Topographic complexity

In order to investigate the role of topographic complexity (TC) as a potential factor shaping patterns of genetic differentiation, we calculated the surface ratio index for each cell from a digital elevation model using ‘DEM SURFACE TOOLS’ [71] in ARCGIS 10.0 (ESRI, Redlands, CA, USA). Surface ratio is an index of topographic complexity, with values close to one indicating flat areas and values higher than one indicating an abrupt relief and deep slopes [72]. We made calculations on a 90 m resolution digital elevation model from NASA Shuttle Radar Topographic Mission (SRTM Digital Elevation Data, [73]) and the final layer was transformed to 30 arc-sec (c. 1 km) resolution for subsequent analyses. Additionally, we used the digital elevation model to calculate a matrix of differences in elevation between each pair of studied populations (i.e. an elevation dissimilarity matrix).

Environmental characterization of populations

In order to analyze the potential role of environment as a driving factor of genetic differentiation, we characterized the environmental space of each population using a principal component analysis (PCA) with ‘varimax’ rotation applied to the values of the 19 present-day bioclimatic variables from WorldClim extracted from sampling sites, occurrence points used in MAXENT and 1 000 randomly distributed points in the study area. This procedure allowed us to capture the environmental variation of the study area and avoid potential bias resulting from just considering environmental conditions from the sampling sites. Then, we obtained for each population the PC scores of the first three PCs, which explained the 73.18, 10.92 and 8.38 % respectively of the environmental variance (Additional file 1: Figure S1). Finally, we calculated environmental dissimilarity between each pair of populations using Euclidean distances for the obtained PC scores using the ‘dist’ function in R. We performed PCA analysis using IBM SPSS 21.0 (IBM Coorp., Armonk, NY, USA).

Isolation by resistance matrices

We applied circuit theory to model gene flow between populations and test the effects of different landscape resistance scenarios (IBR) on observed patterns of genetic differentiation [12, 74]. We used CIRCUITSCAPE 4.0 [11] to calculate resistance distance matrices between all pairs of populations considering an eight-neighbor cell connection scheme. We obtained different IBR distance matrices considering as inputs in CIRCUITSCAPE the following raster layers: current, LGM and LIG climate niche suitability and topographic complexity. We assigned pixel values of climate niche suitability maps as conductance values and pixel values of topographic complexity layers as resistance values. We also used CIRCUITSCAPE to test for the effect of isolation-by-distance (IBD) by calculating pairwise resistance distances on a completely ‘flat’ landscape based on a raster layer in which all cells had an equal value (conductance = 1). This IBD resistance model yields similar results than a matrix of Euclidean geographical distances, but it is more appropriate for comparison with others competing models also generated with CIRCUITSCAPE [ 75 , 76 ].

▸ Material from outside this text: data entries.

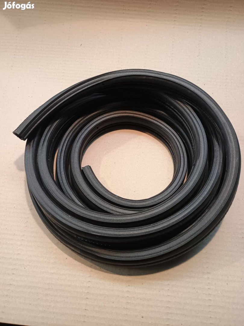 Kédergumi, új, acél merevítésű, oldalsó tömítésű 5 méteres tekercsben eladó. Mérete kb 18x28 mm, és kb 4 mm vastagságú lemezig használható.
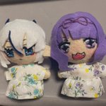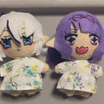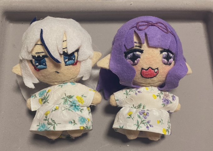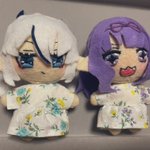 遂に、らんちゃんとルピちゃんの10センチぬいちゃん完成したーッ!お洋服簡易でお揃いのワンピにしたけど春らしくてピッタリだったかも、お衣装も作りたい…! 絵じゃないけどファンアートではあるからタグ使わせてもらいます🙏 #kuonran_art #ルピart
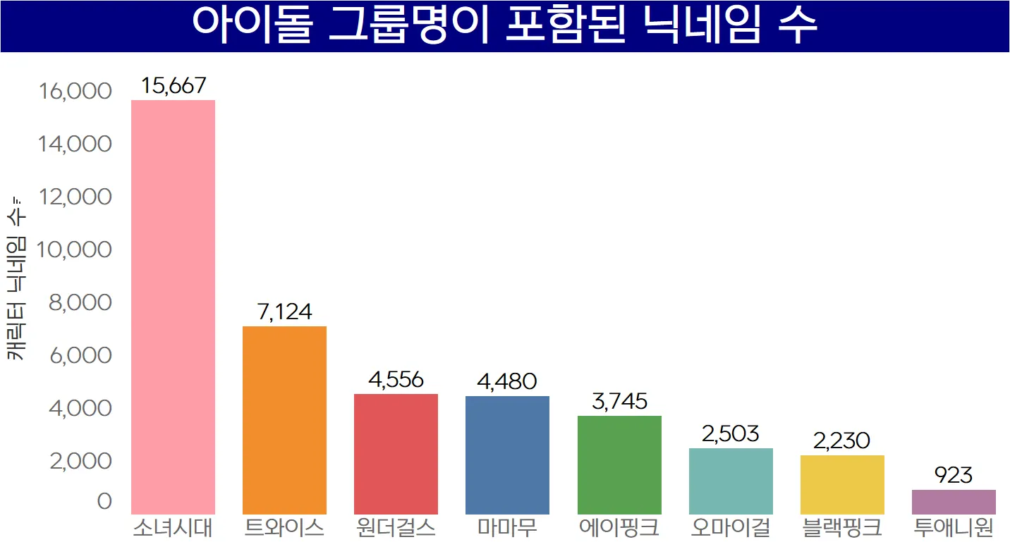 2021년 11월 11일 기준, 넥슨 전체 게임 대상으로 총 8개의 2-3세대 걸그룹 명을 포함하고 있는 닉네임들의 수를 집계한 결과입니다. 그 결과, 소녀시대가 압도적 1위를 차지했는데요, 소녀시대 팬들의 두터운 최애 그룹 사랑이 느껴집니다.
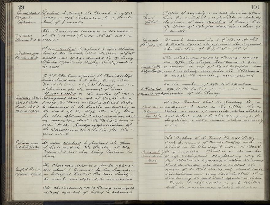 Minutes of annual general meetings and monthly committee meetings of the Manawatu Patriotic Society from 1916-1917. The Manawatu Patriotic Society was formed during World War One for fundraising and welfare purposes. The chairman of the Society's Committee was Mr J A Nash, Mayor of Palmerston North.
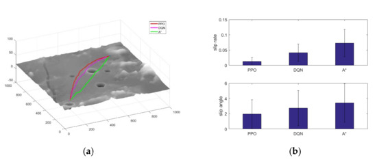 Figure 9a shows the paths planned by the three algorithms, where the path generated by the A* algorithm leads directly to the target point, avoiding obstacle areas on the way that exceed the capability limit of the lunar rover. While the trajectories generated by the PPO and DQN algorithms can be relatively far away from the danger areas. Figure 9b shows the changes of slip rate and slip angle of the paths generated by the three algorithms, and it can be seen that the paths planned by the algorithm proposed in this paper have obvious advantages in terms of slip rate and slip angle control, which can improve the safety of the lunar rover autonomous exploration process.
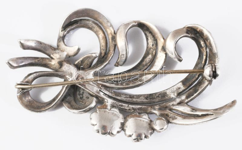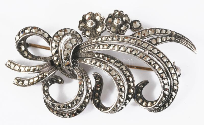 Ezüst (Ag) bross, markazitokkal, h: 5,5 cm, bruttó 11,3g
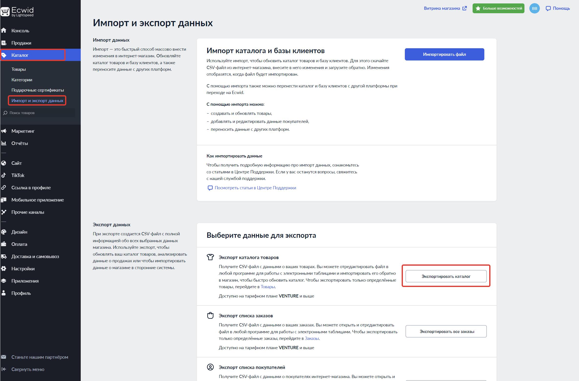 Заголовок раздела «Экспорт товаров из Ecwid»- Откройте панель управления Ecwid и перейдите в раздел «Каталог → Импорт и экспорт данных».
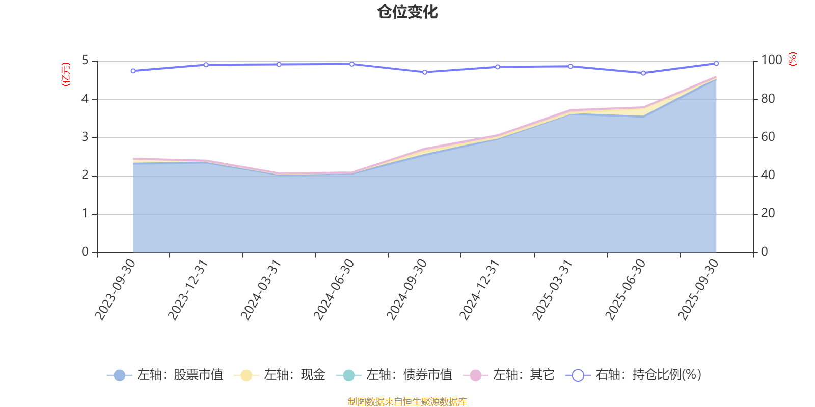 据定期报告数据统计,基金股票仓位长期保持较高水平,成立以来平均股票仓位为96.74%,同类平均为85.51%。2025年三季度末基金达到98.79%的最高仓位,2025年上半年末最低,为93.73%。

Multiple matrix regression with randomization

All IBR matrices were tested against genetic distance matrices (pairwise F ST and F STNA-values) using multiple matrix regressions with randomization (MMRR, [24]) as implemented in R. In these models, we also included elevation (ELEVDIS, see ‘Topographic complexity’ section) and climate dissimilarity (CLIMDIS, see ‘Environmental characterization of populations’ section) distance matrices in order to test a possible pattern of IBE. We used a backward procedure to select final models, removing non-significant variables from an initial full model including all explanatory predictors. We tested the significance of the remaining variables again until no additional term reached significance (e.g., [77]).

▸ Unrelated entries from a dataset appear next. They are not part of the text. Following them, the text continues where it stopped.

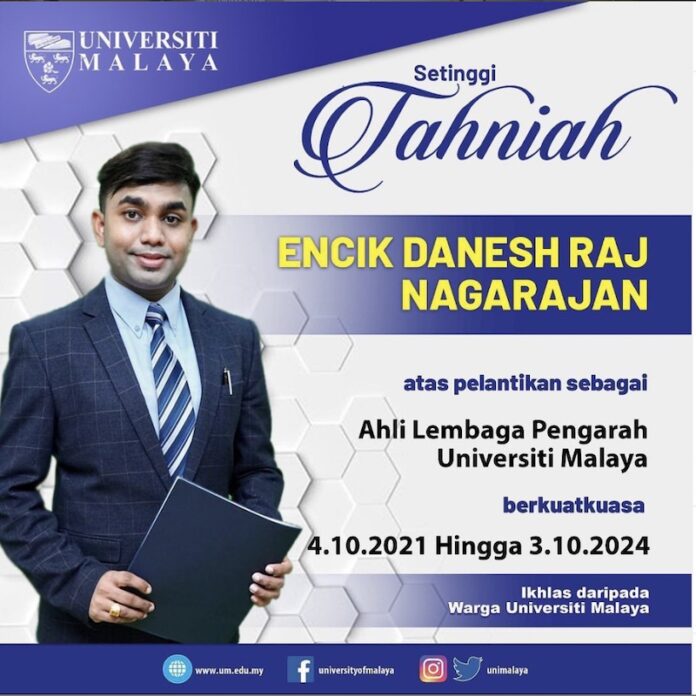 Danesh Raj Nagarajan’s appointment was question by the university’s students’ union. — Picture courtesy of Instagram/Universit Malaya
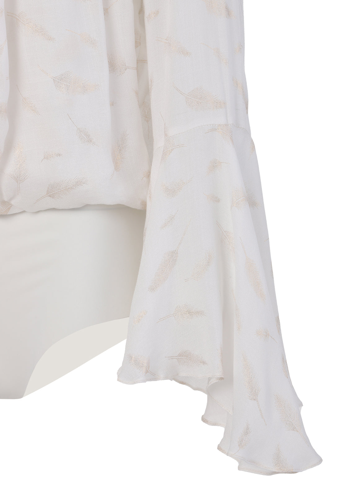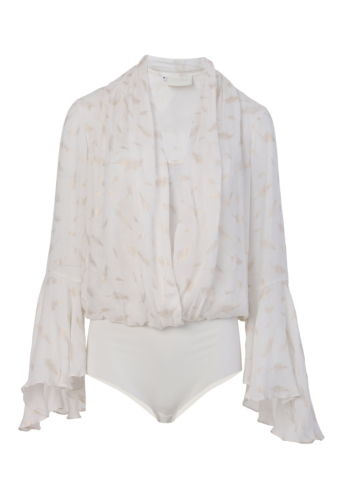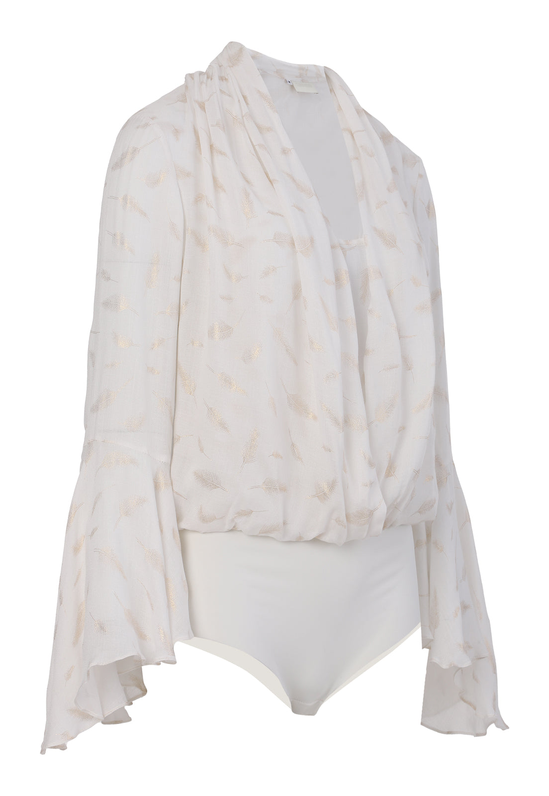 PIEZA ÚNICA . Body en tela chalis ecológica con figuras bordadas en hilos metalizados. El cuello es de escote profundo y drapeado . Lleva una pieza en el delantero que hace de top interno. El panty es elaborado en lycra sin costuras para una máxima comodidad.
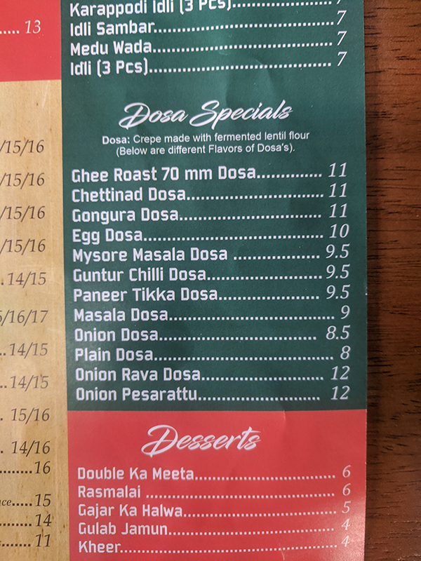 Hyderabad House, Menu, Dosa Specials, Desserts Published November 29, 2020, 13:53 at 600 × 800 in Pandemic Takeout 35: Hyderabad House (Plymouth, MN) ← Previous Next →

Distance-based redundancy analysis

Complementary to MMRR analyses, we tested the relationship between genetic differentiation, geography and environment using distance-based redundancy analyses (dbRDA, [38]). This approach is based on a multivariate multiple regression and estimates the percentage of genetic variation explained by a given predictor or set of predictors. We performed dbRDA using the ‘capscale’ function in the package VEGAN [78] as implemented in R. The genetic distance matrix (pairwise F ST or F STNA-values) was tested against the following variables: i) geographic distances (IBD), ii) elevation and iii) population’s PC scores of the first three axes from the PCA performed on the environmental data (see ‘Environmental characterization of populations’ section). Euclidean geographical distances between sampled populations were calculated using GEOGRAPHIC DISTANCE MATRIX GENERATOR 1.2.3 [79]. Geographic distances were tested after transforming the Euclidean geographical distance matrix to a continuous rectangular vector by principal coordinates analyses (PCoA) using the ‘pcnm’ function in the package VEGAN. Significance of the predictors was assessed using multivariate F-statistics with 9999 permutations using the ‘anova.cca’ function included in the package VEGAN. We first analyzed the relationship between the genetic distance matrix and each variable separately (marginal test) and then we performed a partial dbRDA (conditional test) for each variable while controlling for the influence of geography (fitted as covariate).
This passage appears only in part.